The legacy of the concentration of attracting
multi-national investment in the formative years of New Towns
has had the long-term impact of drawing the focus away from supporting
indigenous companies to grow and innovate, and created a lack
of demand of skills from local employers. The lack of employer
demand of minimum skills entry level to the labour market has
resulted in a sustained low skills level amongst the younger population.
In addition, New Towns serve as dormitory overspill
towns around the major conurbations and they have not succeeded,
in economic terms, of developing a local sustainable economy free
from the influence of nearby conurbations. This results in significantly
high levels of out commuting, which not only puts pressure on
the transportation network, but also has resulted in a skills
drain out from the New Towns as residents seek greater employment
prospects and greater salaries elsewhere. This is most prevalent
in the London ring towns, including Basildon.
To again become the driver for economic growth
in the region New Towns must encourage entrepreneurship and innovation
amongst small indigenous companies to drive up the skills demand
from the private sector and enable economic growth.

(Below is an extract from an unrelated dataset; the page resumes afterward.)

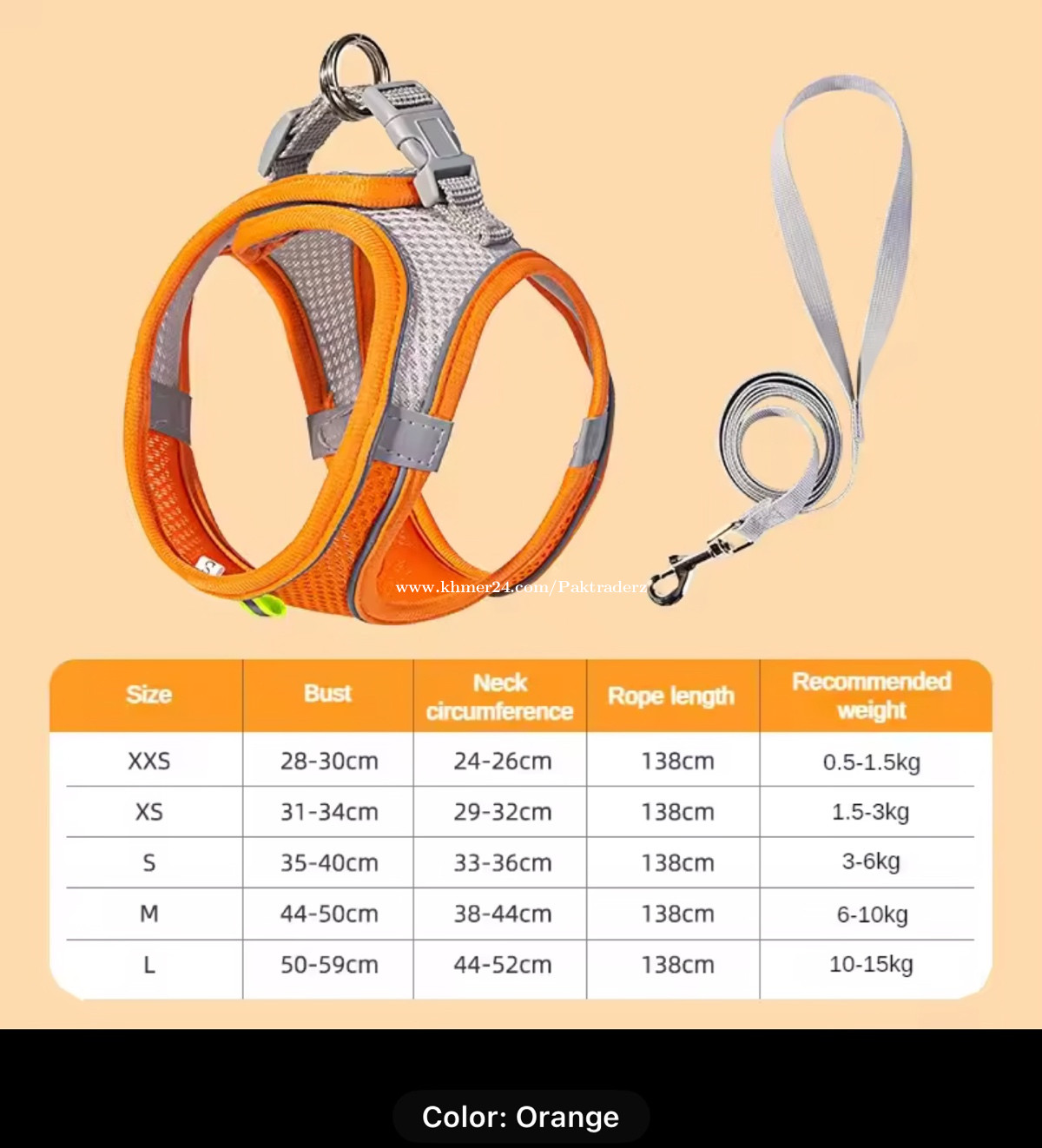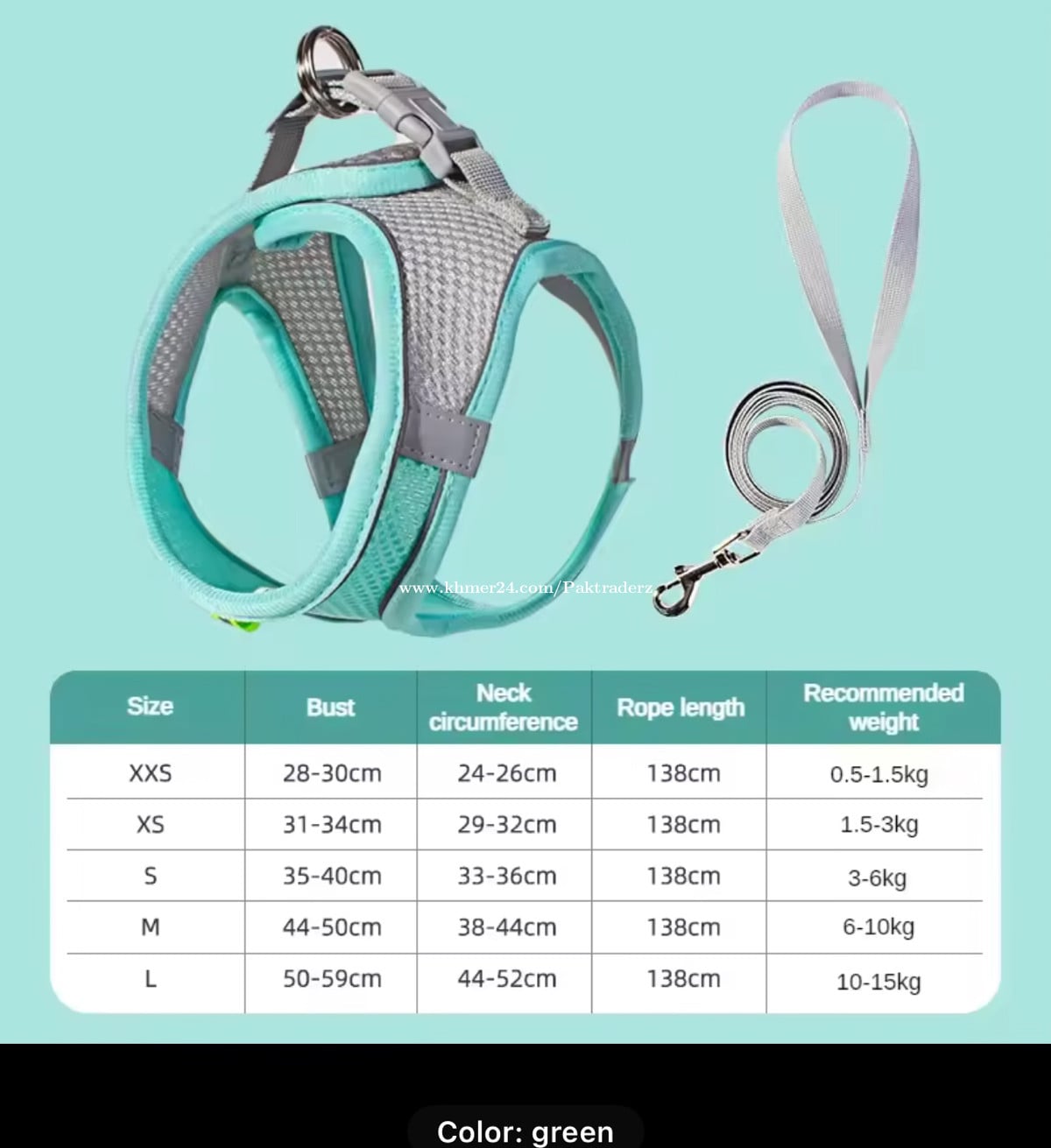 Specifications โบ All colors available ๐ Lifestage High-concerned... Is Smart Device All stages None No 1. Soft and Comfort Dog Harness with Leash - Soft breathable texture with no hard edges or buckles to irritate skin, reduce tugging and pulling on your pet's neck and make your pet walks comfortable. 2. Reflective Dog Cat Harness - Sealed with Reflective Piping, generate excellent reflective effect, enhance the visibility of your dog in dark, keep your dog safe. Notice: 1. Due to the light and screen difference, the item's color may be slightly different from the pictures. Please understand. Make sure you don't mind before you bid. 2. Please allow2-3cm differences due to manual measurement. Packing: 1* Dog Harness Vest 1* 1.5m Leash Size: XXS neck 24-26cm chest 28-30cm XS neck 29-32cm chest 32-38cm S neck 33-36cm chest 38-44cm M neck 38-44cm chest 46-56cm L neck 44-52cm chest 51-62cm

5. Whether the Government should change
its policy in respect of design, regeneration and social inclusion
in the New Town.
Regarding policies on design, it is felt that
adequate changes have already been made both to best practice
(on urban design, sustainable development, residential layout
etc), and greater support for more detailed master plans as set
out in the Planning Green Paper.
One approach currently being adopted in Basildon
is the Gardiners Lane South Master Plan. English Partnerships,
the principal landowners of the site are the lead agency and have
established a project partnership with the Council, the East of
England Development Agency and Thames Gateway South Essex, to
work collectively in preparing a master plan, and subsequent implementation,
for a new high quality urban business quarter. This approach will
use a master planning workshop in the summer, bringing together
all stakeholders including local residents and the business communities.
Key to the future success of the project, however,
will be down to properly integrated detailed work on the master
plan itself with a feasibility and viability assessment; an implementation
strategy; a transport strategy that looks at not only movement
within the site and immediately adjacent, but at strategic public
transport routes; and a relocation strategy for existing occupiers.
Underpinning all of this is a design-led approach, which will
adopt the latest principles of urban design, streets for people
and sustainable development and set rigid design standards.